11:48 It's going to sound like that occasionally, but I really do.
11:51 I like the library.
11:52 It's very, very powerful, very, very useful.
11:54 It uses a lot of black magic.
11:56 And I find as a developer, as somebody with a software engineering background, sometimes
12:02 code can be distracting where you look at it and go, how does that even compile?
12:05 What is that?
12:06 What are they doing?
12:07 And that pulls me away from the, I'm trying to do something.
12:11 And I find some of the stuff in Pandas kind of falls into that bucket.

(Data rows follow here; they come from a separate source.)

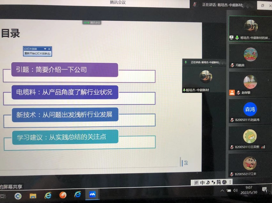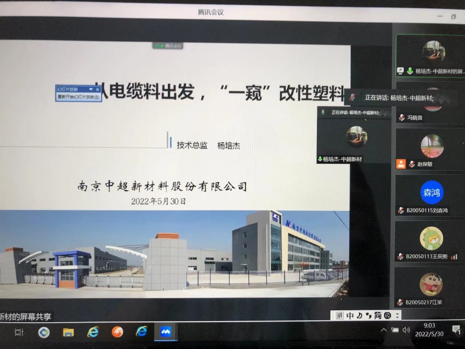 2022年5月30日上午,南京中超新材料有限公司杨培杰总经理为福利姬 高分子材料与工程专业学生作了一场生动且富有实用意义的报告。报告由福利姬 高分子材料与工程系系主任冯晓苗教授主持,系副主任赵保敏和B200501、B200502两个班全体同学参加了本次线上报告。
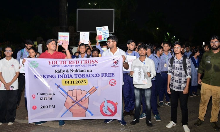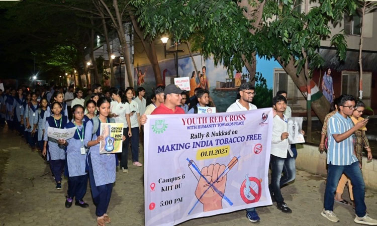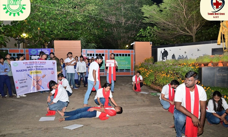 The Youth Red Cross (YRC) volunteers of KIIT-DU and KIIT-ITI organized a vibrant rally along with a Nukkad Natak at different campuses of KIIT University on 1st November 2025, with over 100 volunteers coming together to raise awareness about the dangers of tobacco consumption and to advocate for a healthier, tobacco-free nation.
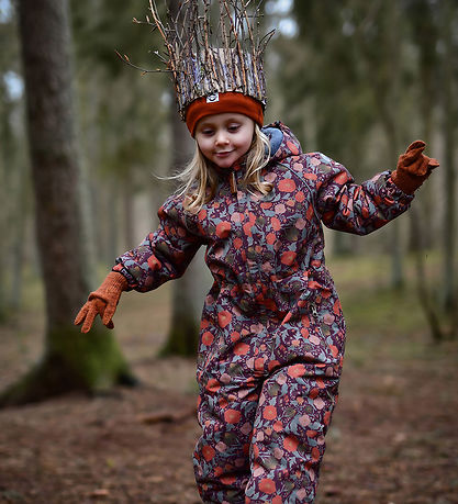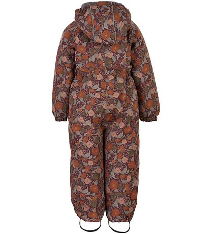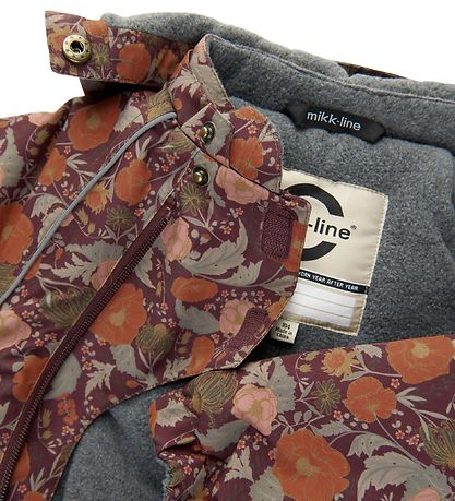 Cool Mikk-Line snowsuit in purple with an all-over floral print in pink, dark orange, green and with gold details. The flight Snowsuit has reflective logos and piping.
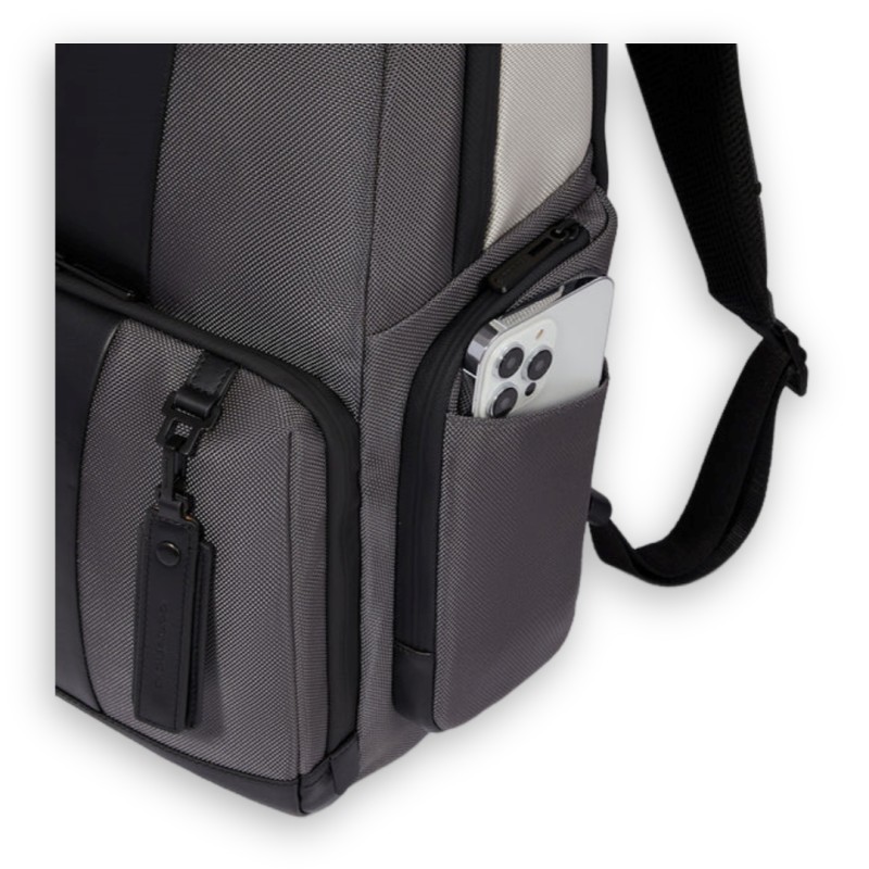 Sac à dos à contrôle rapide pour PC et iPad® en tissu et cuir recyclés avec sangle de poitrine, protections antichoc et anti-fraude RFID et poche pour AirPods®
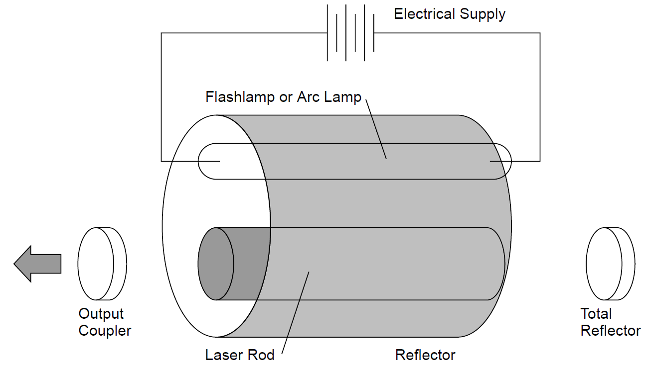Pumping is the process of supplying energy to the laser medium to excite the upper energy levels. It may be accomplished by any number of means, including electrical, thermal, optical, chemical, or nuclear. Most common lasers utilize electrical pumping (as seen in the previous example with the helium–neon laser) or optical pumping, as shown in Figure 1.1. In the case of optical pumping, light from a flash lamp or an arc lamp is focused onto a rod containing the lasing atoms. Common laser rods include ruby (chromium ions in an aluminum oxide host glass) and YAG (neodymium ions in a yttrium aluminum garnet host glass). The lasing atoms (chromium or neodymium in this case) absorb photons of incident pump light and
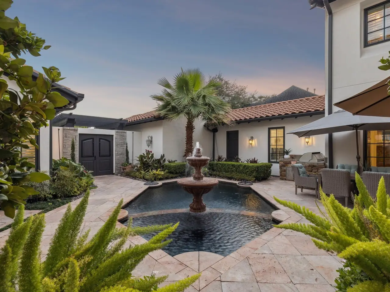 Designed and built in 2001 by acclaimed Richard Price, this home won GHBA 2003 award for design. Front, private courtyard with pool, fountain and spa wraps around the home and features a new outdoor kitchen. Stylish double height foyer welcomes you w/ designer lighting. Country style kitchen with Thermador appliances with seamless flow into family room. Water osmosis system. Private Primary Bedroom with spa style bathroom and generous closets. Sumptuous dining room with attached wine room and butler's pantry and further formal living room. 3 bedrooms up, all with ensuite - and large games room. Outside roomy back yard with new Astro Turf & Tuff Shed (both 2024). Shutters throughout the home, exposed beams, double garage and driveway parking. Outside fully painted (2025). This home is unique and has been beautifully maintained by current owners.
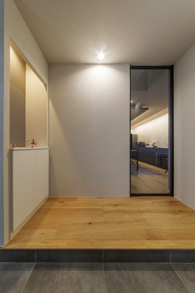 シンプルな中にもセンスが光るエントランス。天井まで届く透明ガラス入りのリビングドアに視線が抜けていくため、空間がより開放的に感じられます。間接照明の当て方にもプロのひと工夫が見られます。
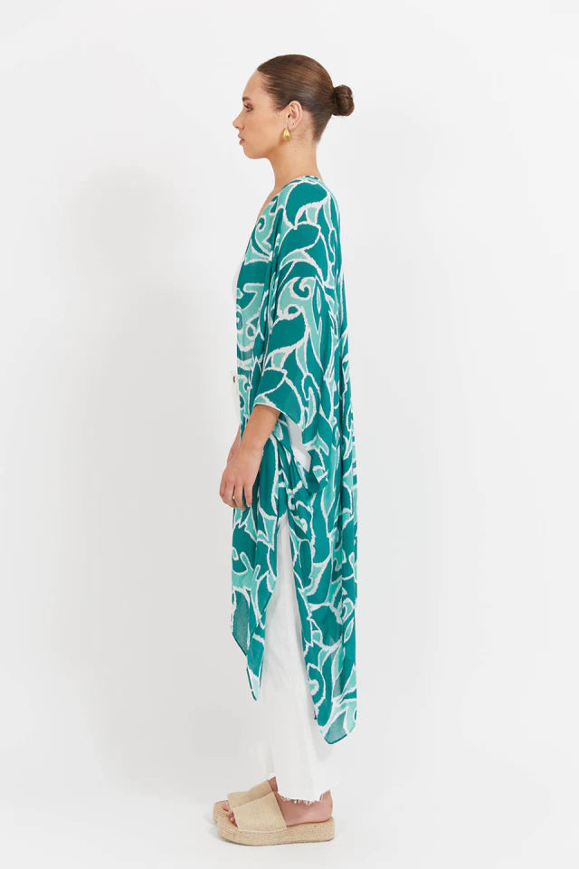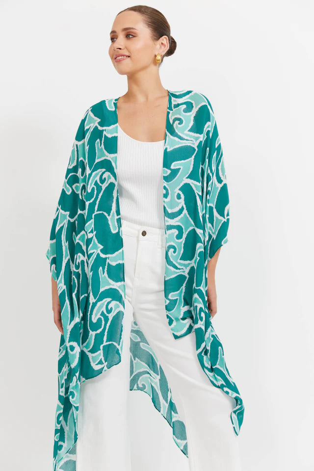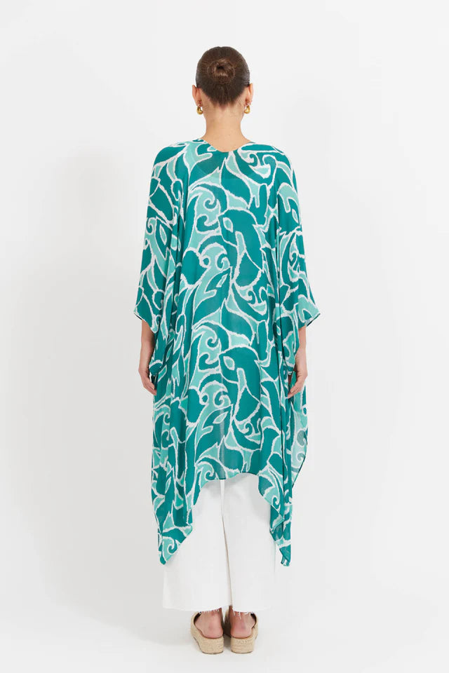 A light layer with a bold touch. The Bahama Cape is your go-to for easy sun coverage - whether thrown over swimwear or styled with everyday pieces. Featuring an open-front design, 3/4 length sleeves, side vents, and a flowing handkerchief hem, it adds movement without the bulk. Crafted in a semi-sheer, summer-ready print, it pairs perfectly with the matching Bahama Swimsuits for a coordinated beach-to-lunch look.

12:14 Whereas you just do nice little chained function calls in pollers.
12:18 And so you're reading, you know, filter, select kinds of things.
12:22 And it feels a lot cleaner to me.
12:25 So it tends to be where I want to go.
12:28 And then the other big advantage of it, which some of the other data frame libraries have,
12:33 but Pandas, as far as I know, doesn't, is lazy evaluation.
12:37 And this is the idea of rather than executing each operation as you call it, you can chain a bunch of things together and then call them all at the same time.
12:46 This tends to give you large amounts of speed up.
12:49 So, for example, if you're reading in a CSV file and you want to do something only on certain rows in that CSV file, the filter can throw those rows that aren't important.
12:58 And then you would only run the operation on those rows that you were interested in.
13:03 Of course, that tends to be an awful lot faster than going through every single row at a time.
13:08 It also tends to use less memory for the same reason, because you don't have to keep as much in memory at any given time.
13:15 So lazy evaluation can be a really, really powerful tool, particularly if you're using with really, really large data frames.
13:22 So that to me is, you know, the coding style was a nice selling point.
13:27 But being able to see that performance difference with the lazy evaluation was really what hit it home for me.
13:33 Yeah, they're both super cool. You know, I talked to Richie Bink, who is a creator of Polars, about three years ago or so on the podcast. And it was very interesting to talk about some of the philosophies. So, for example, the lazy evaluation is great because you could theoretically change the order. Like if I'm going to do some complicated math computation on a thing, we'll talk about some of those.
13:56 And then I'm going to filter it down based on some unrelated criteria like state or whatever, gender, who knows, and then get the answer.
14:05 If I did that in pandas, it would do the math on every single thing and then filter it down and give you the answer.
14:10 And maybe take the US as an example, that might be one fiftieth of the data that you wouldn't have to multiply.
14:16 So with pollers, it can even optimize.
14:19 Well, if there's a filter, do the filter first and then the calculation.
14:22 Yeah.
14:23 So it's got kind of an optimizer built in there as well.
14:26 This technology is very similar to what happens in databases.
14:30 So if you're doing more complex SQL, behind the scenes, the database for you goes and tries to optimize that to try to figure out what the best way of doing this for you.
14:39 And Polars has that built in as well.
14:42 It's got it built in on your calls specifically.
14:46 So you can take advantage of that even if it isn't the lazy evaluation.
14:49 But it can really, really shine in the case of lazy evaluation.
14:52 So if you're doing a complex query all in one chunk, like a group by with a bunch of different aggregates,
14:57 it does still do the same thing, which again gives you one of the ways that it'll speed up.
15:02 But particularly with lazy evaluation where you might chain together 15 or 20 calls,
15:08 it'll figure out for you what the best order on that is and that can make a big difference.
15:12 You can also see what it wants to do and what its execution plan is.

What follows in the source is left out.